The traditional approach to the integration of fractional-order starting value issues, according to [
9], is based on the Caputo derivative, whose beginning conditions are employed to build the classical integral equation. The authors show, using a simple counter example, that this technique results in incorrect free-response transients. The frequency-distributed model of the fractional integrator and its distributed beginning conditions are used to solve this fundamental problem. They answer the preceding counter-example using this model and provide a methodology that is a generalization of the integer-order approach.

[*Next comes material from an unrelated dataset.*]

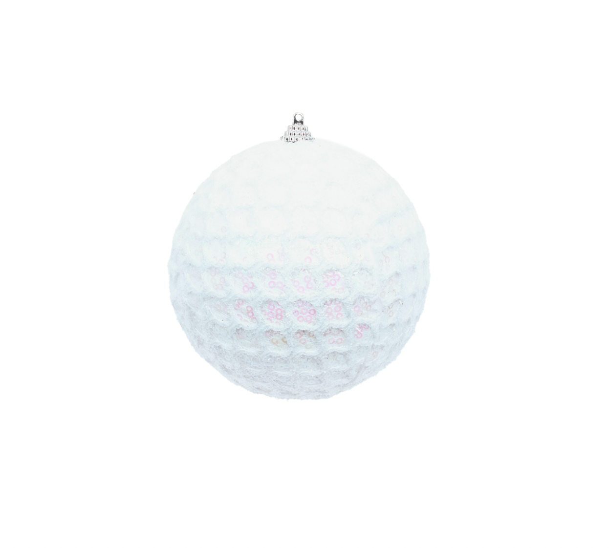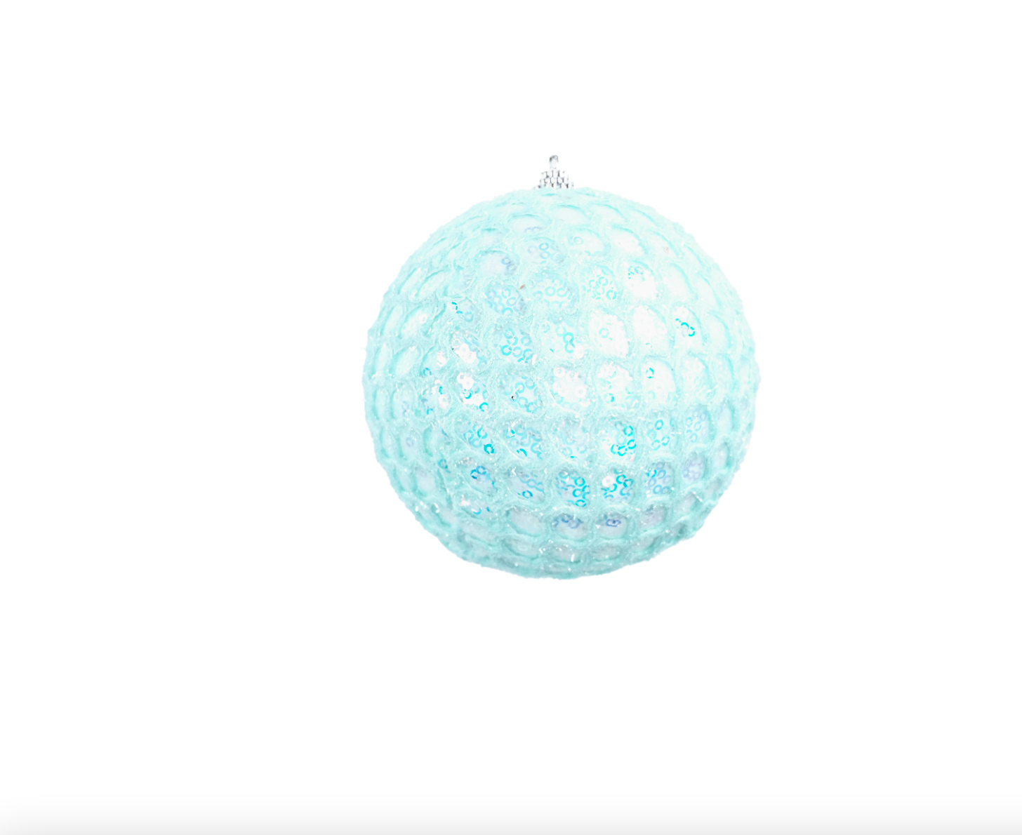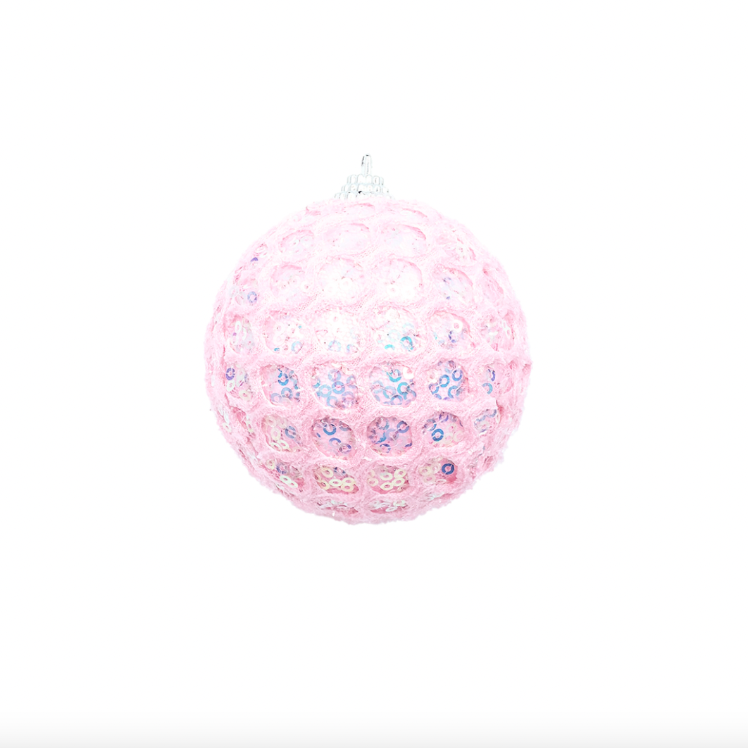 These mesh ornaments with sequins make a statement on your tree. Available in mint, pink, white and 2 sizes. 3" or 4.5"

Finally, in the linear situation, this technique is used to model Fractional Differential Systems (FDS) and for the formulation of their transients. Two expressions are constructed, one based on the Mittag–Leffler function and the other on the notion of a distributed exponential function.
According to [
10], fractional-order differential equations are effective tools for modeling dynamic systems with long-term memory effects. The verified simulation of such system models using interval tools enables the computation of assured enclosures of attainable pseudo-state regions over a finite time horizon. In prior work, the author published an iteration method based on Picard iteration that uses Mittag–Leffler functions to determine guaranteed pseudo-state enclosures. In this study, the corresponding iteration is generalized to use exponential functions during the iteration scheme evaluation. A validated solution of integer-order sets of differential equations yields such exponential functions. The goal of this work is to show that using exponential functions for Mittag–Leffler functions instead of pure box-type interval enclosures not only improves the tightness of the calculated pseudo-state enclosures, but also minimizes the required computational cost. These claims are supported by a realistic simulation model of the charging/discharging kinetics of Lithium-ion batteries.
Finally, Ref. [
11] investigates the synchronization of fractional-order uncertain delayed neural networks with an event-triggered communication strategy. By developing an appropriate Lyapunov–Krasovskii functional (LKF) and inequality approaches, sufficient criteria for the stability of delayed neural networks are obtained. The criteria are expressed as linear matrix inequalities (LMIs). To accomplish synchronization, a controller is derived using the drive-response idea, the LMI technique, and the Lyapunov stability theorem. Finally, numerical examples are provided to validate the effectiveness of the major findings.